Wednesday, September 22


US refuses to back world hunger battle:

THE United States faced condemnation today after failing to join more than 100 countries as part of a new campaign to raise an extra $50 billion (£28bn) annually in aid to combat global hunger.

On the eve of the annual gathering of the General Assembly, more than 50 heads of state and government joined a debate at the United Nations that focused on the impact of globalisation and on ways to finance the war against poverty.

French President Jacques Chirac called the pledge to take action "unprecedented".

The declaration also urged governments to seriously consider a report prepared for the conference, setting out a series of options for raising money.

These included a global tax on financial transactions, a tax on the sale of heavy arms, an international borrowing facility and a scheme for marketing credit cards whose users would donate a small percentage of their charges to the cause.

"The greatest scandal is not that hunger exists but that it persists even when we have the means to eliminate it. It is time to take action," said a declaration signed by 110 nations and adopted at the close of a World Leaders Summit on Hunger held at UN headquarters.

But the US poured cold water on the project, with the leader of the American delegation, agriculture secretary Ann Veneman, dismissing it.

"Economic growth is the long-term solution to hunger and poverty," she told the meeting. "Global taxes are inherently undemocratic. Implementation is impossible."

Brazil’s president Luiz Inacio Lula da Silva criticised the US for failing to endorse the pledge.

"How many more times will it be necessary to repeat that the most destructive weapon of mass destruction in the world today is poverty?" said Mr Lula. "We must harness globalisation.

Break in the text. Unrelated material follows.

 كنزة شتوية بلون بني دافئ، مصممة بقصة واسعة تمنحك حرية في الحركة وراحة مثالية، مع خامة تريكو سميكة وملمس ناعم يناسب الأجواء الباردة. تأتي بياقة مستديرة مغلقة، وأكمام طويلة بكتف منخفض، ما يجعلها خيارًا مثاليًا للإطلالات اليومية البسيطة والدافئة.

We must turn it into a positive force."

Mr Chirac predicted the US position could change after the November 2 elections.

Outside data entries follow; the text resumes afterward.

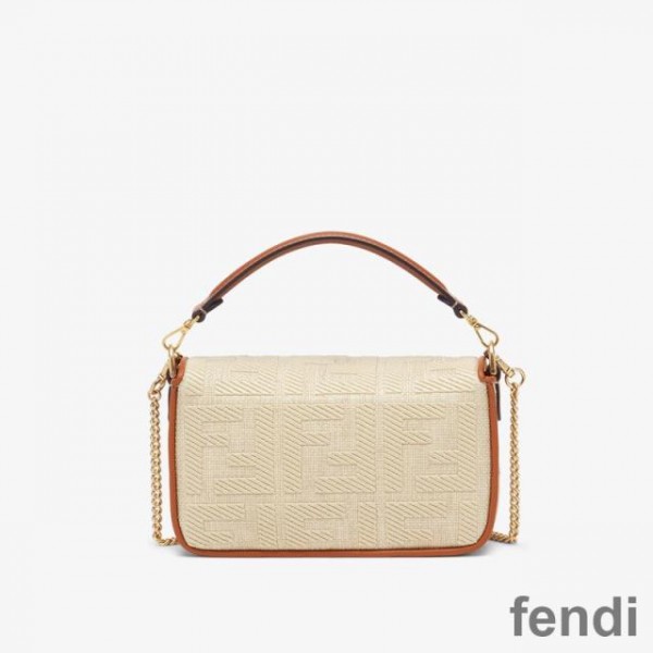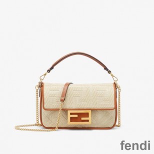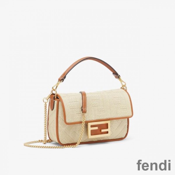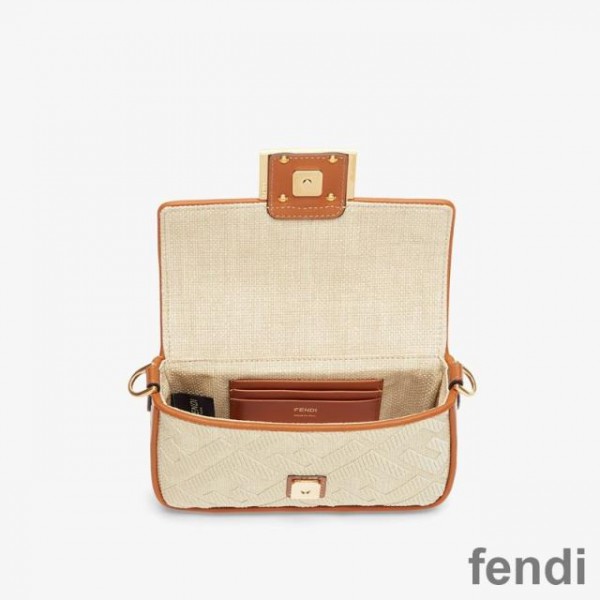 Fendi Mini Baguette Bag In FF Motif Straw Beige
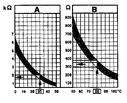 - 30 °C is range A and corresponds to a resistance of 1.5 to 2.0 K Ohms
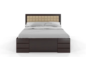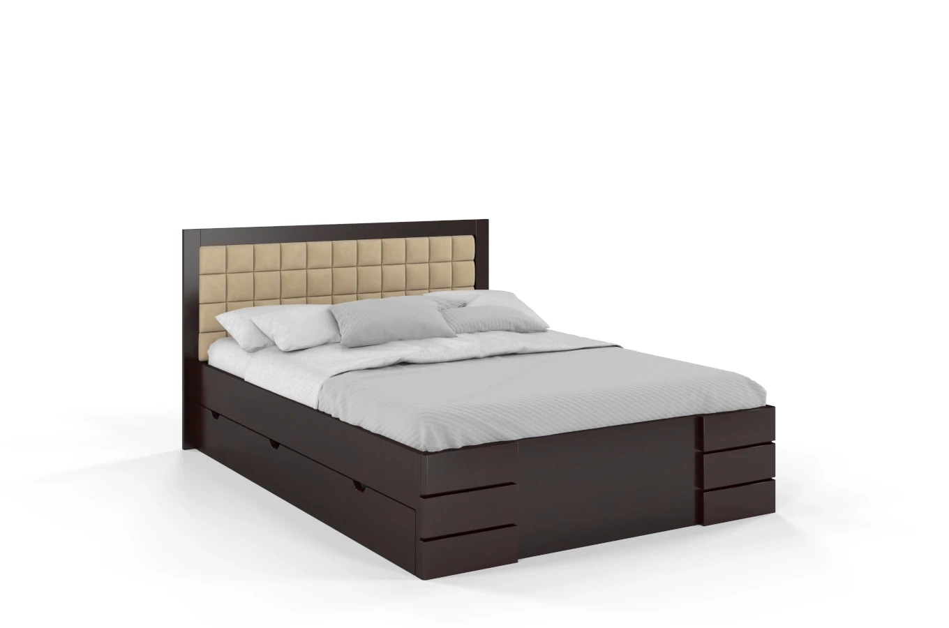 • Tapicerowane łóżko drewniane - sosnowe Visby Gotland High Drawers (z szufladami)
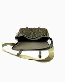 - Leather trim and fastening straps

"Let’s see when things settle down what their position will be," the French leader said. "However strong the Americans may be, you cannot in the long run emerge victorious by opposing an idea that is backed by 100 countries, creating a new political situation."

Two thoughts.

First. When I was a kid, I remember a time when the American Red Cross announced it was out of money. The whole world reacted -- some Canadian disk jockey released a best-selling record that was a tribute to America's compassion as evidenced by the worldwide actions of the Red Cross. It made me feel so GOOD that my country was known for its Good Samaritan-ism. Guess those days are gone. All my life, the "Communists" were the bad guys, we were the good guys. That's all changed now, AND IT ONLY TOOK ONE MAN AND THREE YEARS TO MAKE IT HAPPEN.

Second. Notice Chirac's last-paragraph observation. When John Kerry suggests a change of administration will result in a difference in attitude among the world's leaders regarding Iraq and other issues, HE'S RIGHT.